Calling All Jane Austin Fans!!!!
“Fashionable Romance; Wedding Gowns in Film” Exhibition
I love history. I also love reading. I love works by Jane Austin. I know. I’m pathetic, but I’m fine with that. Visiting this mansion that was opened to family and friends in 1895 really put me in a Pride and Prejudice state of mind, especially since Biltmore is hosting the “Fashionable Romance; Wedding Gowns in Film” exhibition, now through July 4, 2016. And, of course, included in these costumes are some from my favorite movies: Emma, Sense and Sensibility, and Pride and Prejudice.
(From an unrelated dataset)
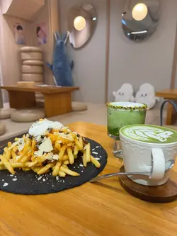 放假同班friend想揾个舒服嘅地方gathering.今次就揾到西环呢间Cafe.首先讲吓我朋友叫咗啲乜嘢食先:香浓日式咖喱猪扒饭 (HK$78)朋友俾咗一件猪扒我试.猪扒厚身, 外脆内嫩.不过咖喱就冇咩特别, 系普通嘅日式咖喱.松叶蟹·蟹籽明太子天使面 (HK$108)慢煮加拿大猪鞍 (HK$128)配咗甜渍苹果莎莎同埋薯菜.朋友话个猪鞍食落唔会韧.香煎比目鱼扒伴西式薯菜 (HK$118)和风烤鸡扒定食 (HK$88)呢个定食劲丰富呀.鸡扒都烤得好香, 肉质嫩滑, 好好食.配菜都样样味道唔错.开心果特调 (HK$56)开心果味超浓, 味道咸咸地咁.里面仲有啲软滑嘅豆腐花, 饮落口感都几特别. 不过我觉得试一次就够啦.烟肉芝士薯条 (HK$78)芝士酱多到夸张, 烟肉都好香脆.我觉得呢个系必试!呢个系期间限定嘅雪の豆腐巴斯克芝士蛋糕 (HK$62)好浓豆腐味, 配埋啲脆脆都几好食嘅.但系食到尾段我就觉得有啲干.E FOR EGG芝士奶盖招牌窝夫 (HK$88)依个窝夫打卡一流.系食到有芝士奶盖味嘅.夹心似云呢拿味雪米糍.唔系唔好食嘅, 不过我觉得都系试一次就够.整体嚟讲, 环境几好, 坐得好舒服嘅.系gathering唔错嘅选择.…查看更多

Walking through the home with movie wedding costumes, ranging in style from the 1700’s through the 1940’s really adds another historical aspect to the tour. In honor of the exhibition, the first floor of Biltmore is decorated as if they’re hosting a wedding.
Some of My Favorite Areas:
The Winter Garden
“Boy Steeling Geese” by Karl Bitter
The Billiard Room
The Dinning Room
The Breakfast Room
My Favorite room in the entire mansion is the library. It contains almost half of George Vanderbilt’s 23,000 volume collection that he started at the age of 12. His library consisted of English fiction, religion, philosophy, and art and architecture. Those last two do not surprise me at all. If I could have spent an afternoon with the Vanderbilt’s in 1910, I would have chosen to spend my time exploring the library.
Mr. Vanderbilt’s Room
The Halloween Room
The Halloween room is so….fun. It was painted by guests during a New Year’s Eve party that John and Cornelia Cecil hosted. The murals vary in themes, such as Russian, folk-lore, and even macabre. John and Cornelia were smart in supplying the same colors of paint for all the murals. No matter how different the themes are, the color scheme unites the murals and prevents them from clashing.
Calling all Downton Abbey Fans!!!!!!
So, the minute I walked into the servants’ area I started thinking of my sister-in-law who loves Downton Abbey. I could just see the servants, sitting around the table, talking about the events of the day. After we left, I really wanted to watch a few episodes.
Ceilings, Ceilings, and more Ceilings!!!!
I spent most of the time looking around the rooms and then up. The floors didn’t strike me as impressive, but the ceilings did. Of course, my favorite was the library ceiling painting. It’s called The Chariot of Aurora, by Italian Giovanni Pellegrini, and it once graced a Venetian palace. The area of the painting that caught my eye wasn’t the depiction of the Goddess of Dawn, but the rooster. I think he’s a nice touch.